Thursday, August 23, 2012

Hacking the Automated Car


I was pleased to come across a site recently from a group called the Center for Automotive Embedded Systems Security (CAESS).  The Center is a collaboration between the University of Washington, the University of California San Diego, and the US National Sciences Foundation.  It deals with, as the name suggests, making computers in automated driving systems secure.

The computer security of automated cars and automated driving systems is something I have given thought to over the past 15 to 20 years, more as the capabilities of our computers have increased.  There are certain things that can be done to reduce the opportunity to hack automated driving systems.. The one that springs to mind is to hardwire as many functions as possible so that they cannot be hacked.  Hardwire refers to making the physical design of the chip control the program that runs on it.  Such a chip, once made, cannot be reprogrammed, only replaced.  Obviously there are disadvantages to such an approach, but in a systems where safety needs to be paramount, we may need to live with those disadvantages.

Heavy security needs to be built in from the bottom up.  And frankly, what can already be done to hack the rudimentary systems in cars is scarey enough.  Stay tuned for more.

Wednesday, August 15, 2012

Google Cars Get Ready for Prime Time?

Last week a report on TechCrunch, and a post on the Google Blog indicates that Google now believes that their automated cars are safe enough for a single person to be in the car while the car drives the person to and from work and, it is implied, other tasks.

Politics in Florida

Not being an American my opinion doesn't count for much in their politics, however, some things really burn me.  There is a commercial against Jeff Brandes (R-St. Petersburg).  Unfortunately the commercial takes aim at him through his support of automated driving systems, using all the usual scare tactics.

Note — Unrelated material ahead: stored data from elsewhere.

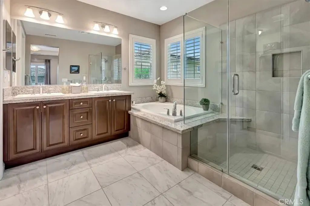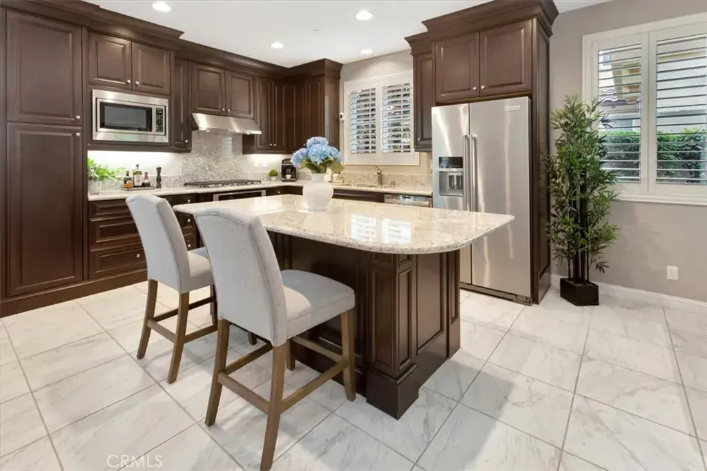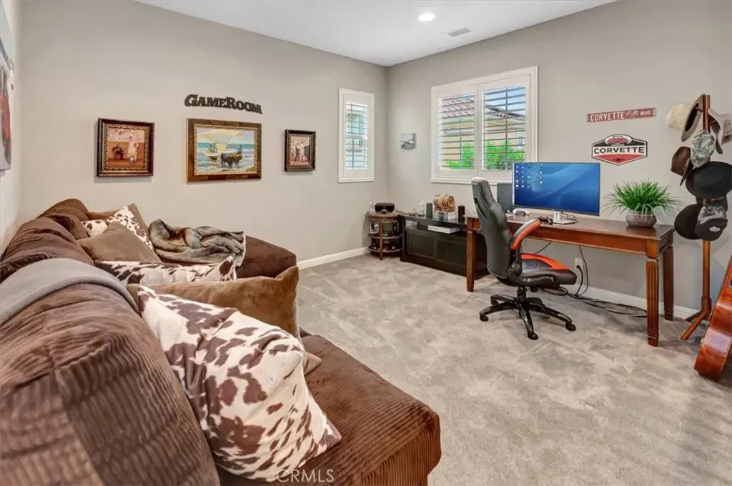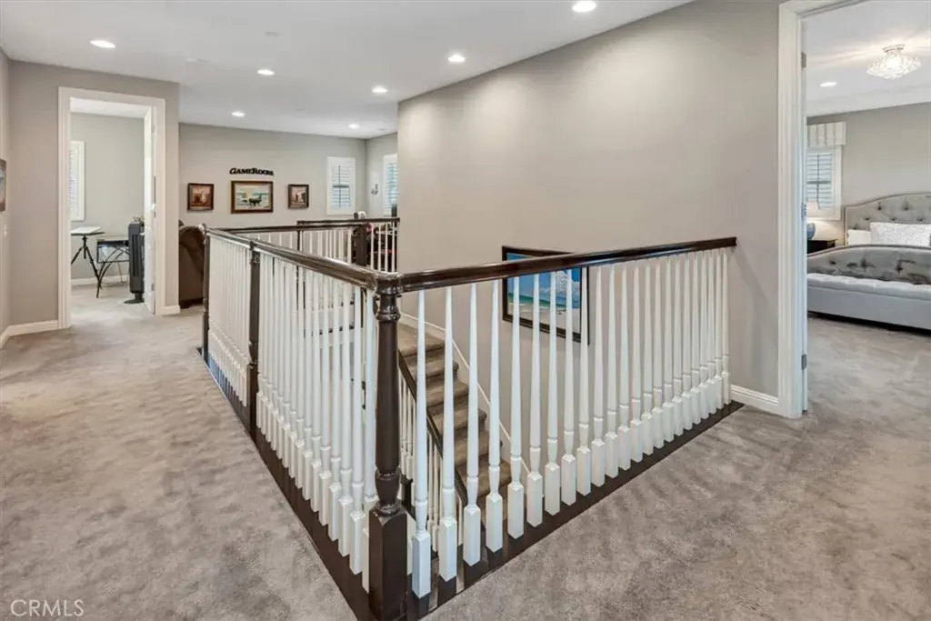 Luxury Living Awaits in the Heart of Baker Ranch! Step into this stunning Toll Brothers masterpiece, where modern sophistication meets the ultimate California lifestyle. Nestled in the coveted Baker Ranch community, this 4-bedroom, 3-bathroom home exudes style, comfort, and thoughtful upgrades throughout. From the moment you enter, you’ll be greeted by designer paint, custom tile flooring, and elegant finishes that create a warm and inviting ambiance. Every detail has been meticulously curated — from custom window treatments and plantation shutters to LED recessed lighting and ceiling fans, this home strikes the perfect balance between beauty and functionality. The open-concept floor plan seamlessly connects the chef-inspired kitchen, dining area, and living room, making entertaining effortless. The kitchen island is ideal for morning coffee or hosting friends, while the stacking sliding glass doors lead you to a true showstopper — your private California Room. This outdoor oasis features a cozy fireplace, triple-tiered fountain, lush greenery, and ambient lighting that creates a resort-style atmosphere you’ll love coming home to. Enjoy peace of mind with a security system, upgraded slim air conditioner, and irrigation system keeping your outdoor retreat pristine. Designed with versatility in mind, this home offers a full bed and bath on the main level — perfect for guests or multi-generational living — and an upstairs loft that can easily be converted into a fifth bedroom, home office, or media room. The spacious primary suite is a sanctuary of its own, with a dual vanity, soaking tub, upgraded tile shower, medicine cabinet, and designer finishes. Every bathroom in the home has been thoughtfully upgraded, and the recirculating hot water system ensures instant comfort. Convenience continues with an indoor upstairs laundry room and proximity to The Grove Clubhouse, resort-style pools, and the splash pad, offering endless opportunities for recreation and relaxation. Experience a life of elegance, comfort, and community- all in one extraordinary home. Come and enjoy all the luxury amenities that Baker Ranch has to offer including the 10 parks, 6 heated pools and spa’s (including a quiet pool and spa), the mile long hiking and biking trails, fitness stations, basketball, tennis, beach volleyball, and Bocce Ball/ Corn Hole Court, baseball and soccer fields, fire pits, outdoor fireplaces, BBQ’s, clubhouses, covered outdoor kitchen, and the Barker Ranch Dog Park!
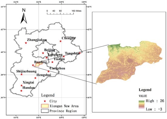 Xiong’an New Area is located in Beijing, Tianjin, Baoding hinterland. The geographical coordinates of Xiong’an New Area are 38°43′ N–39°10′ N, 115°38′ E–116°20′ E, and its area is approximately 1770 square kilometers. The territory and its surrounding areas are located within the plains area east of Taihang Mountain, with a gradually reduced slope from the northwest to the southeast. The ground elevation is consistently between 5 to 26 m, and the ground slope is less than 2‰. The area is characterized by a warm temperate monsoon continental semi-humid and semi-arid climate. According to the meteorological data of Rongcheng county from 1968 to 2016, the mean annual temperature was reported as 12.4 °C, the extreme maximum temperature was 41.2 °C, the extreme minimum temperature was −22.2 °C, the annual sunshine was 2298.4 h, and the average annual frost-free period was 204 d. Additionally, the average annual precipitation is 495.1 mm, the extreme maximum annual precipitation is 931.8 mm, and the extreme minimum rainfall is 207.3 mm. The average evaporation over many years was 1661.1 mm. The overview of the study area is shown in Figure 5.
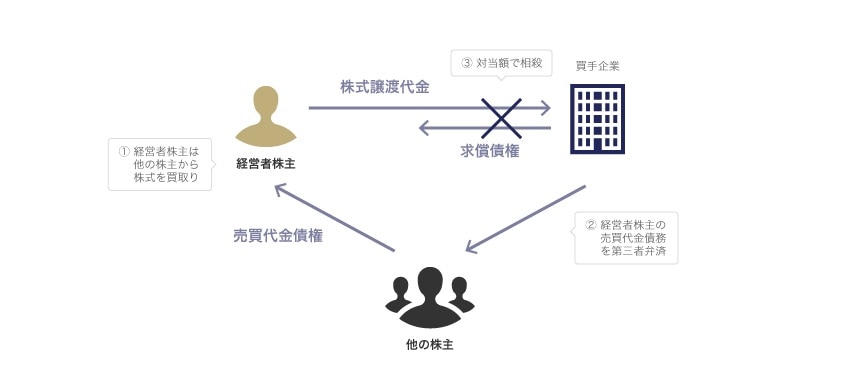 - 買い手は、この経営者株主に対する求償権と、経営者株主が買い手に対して有するその保有株式の譲渡対価請求権とを対当額で相殺する。
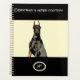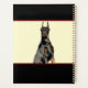 Zurück zur Schule. Black Doberman Pincher mit bräunlichem Hintergrund. Das ist ein digitales Acrylgemälde für den seriösen Schüler.
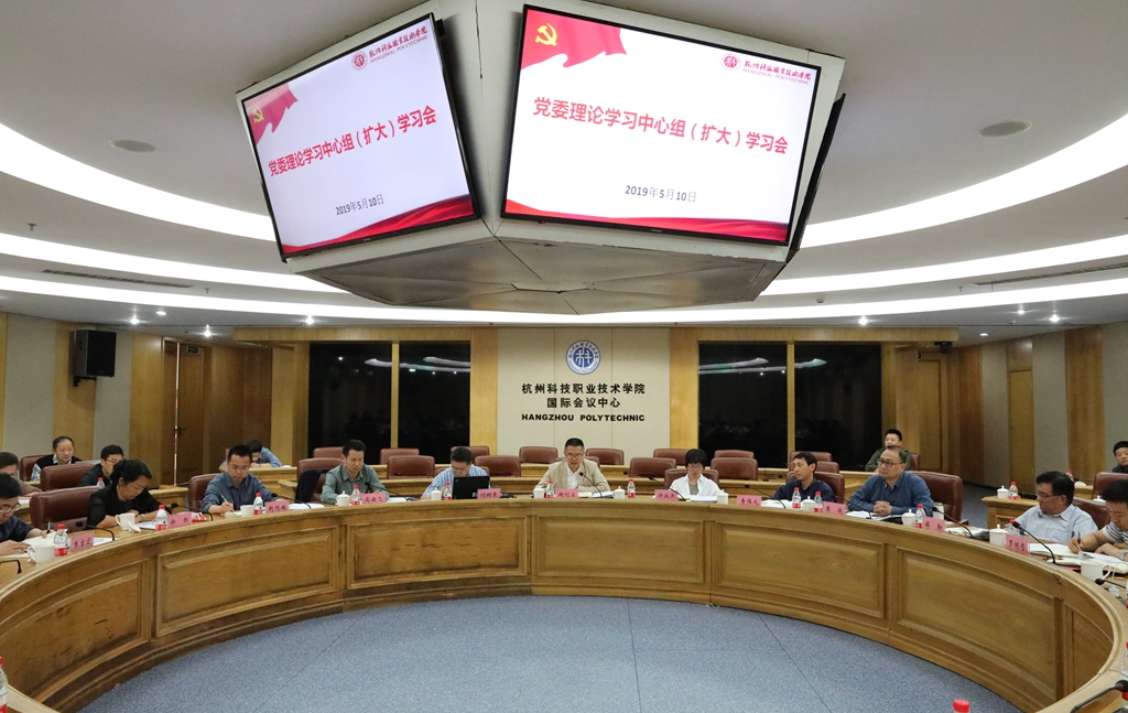 5月10日,我校召开党委理论学习中心组(扩大)学习会,集体学习习近平总书记在纪念五四运动100周年大会上的重要讲话精神,传达全国、省、市教育大会,全省高校党的建设和思想政治工作会议精神。党委理论学习中心组全体成员、全体中层干部参加学习会。学习会由党委书记谢列卫主持。

The Democrats (presumably) should be ashamed of themselves.

A Response to "Learning to Let the Car Drive"

I recently read an article on Wired Autopia, Learning to Let the Car Drive about how we would slowly increase the amount of automation in the driving process, and there would be a point when driver assistance would be needed sometimes, but mostly not, and how it would be necessary to keep drivers focused on the task of driving.

I find three of  the assumptions problematic - 1) that drivers will need to stay on the driving task when the car does most of the work, and 2) that cars will stay in their lanes through surface markers on the road  3) avoidance of side hazards, eg deer or children

Regarding the first assumption,  when the car is capable of driving itself in most conditions, say 65% or more of the time, I strongly suspect that we will need to make cars that leap over that last 35% completely.  Think about human nature.  If you don't have to pay attention to something most of the time, then you don't pay attention to it at all.  How will the car companies force people to pay attention to the driving task when it is mostly handled by the car?  We have enough problems making people focus on driving and not texting or not using cell phones now, and we drive manually.  Quite frankly, once we are capable of making cars that handle most situations, we will have to start making cars that handle all situations, at least as well as a human, in very short order.  Even with some sort of alert system, it will require the "driver" to:
  1. shift between the task they are doing, and the hazard that the system alerts them to, 
  2. locate the hazard
  3. evaluate the hazard, and then 
  4. respond appropriately.
Even if each of the above steps takes only one second, which seems to me exceedingly optimistic, then at least four seconds is required before the car begins to do something under driver control.  Most likely it will take much longer.  We would all be better off letting the car drive and react which are at speeds beyond human ability.

The second assumption seems to be that surface road markers, e.g. paint, will be used by the vehicle for way finding and location maintenance purposes.  With all due respect, evidently road conditions of heavy or blowing snow seem not to have been considered, or for that matter the highly reflective road surfaces of wet roads at night, or immediately after a heavy rain when the sun shines on the road surface.  In order for an automated driving system to work effectively we will need to install some sort of edge marking, whether for lanes or for road edges, that is not dependent on the ability of the markers to be visually observed by cameras (maybe magnetic pucks embedded in the pavement).  This is not to say that cameras as an edge finding device should not be on vehicles, but they cannot be the only way a vehicle will maintain its correct position on the road.

The third assumption is that humans will see side hazards sooner, and react more appropriately.  Humans may be able to evaluate whether or not something is a side hazard to a vehicle more appropriately than a computer, but humans could never respond faster when the hazard appears in the driving space.  In some cases, think a child dashing from between parked cars, then even a human cannot respond quickly enough, whereas an automated braking might.  Additionally, humans tend to speed, and a response to a perceived side hazard is to slow down to the speed limit.  An automated system would have the following advantages:
  1. it would already be doing the speed limit, so slowing down would be to below the speed limit and,
  2. an automated system would react faster than a human once the threat was perceived
So I find it problematic that humans are better equipped to handle side hazards, especially given the faster reaction times of computer systems.

It would be interesting to know exactly how drivers will be kept on task when the car does most of the driving.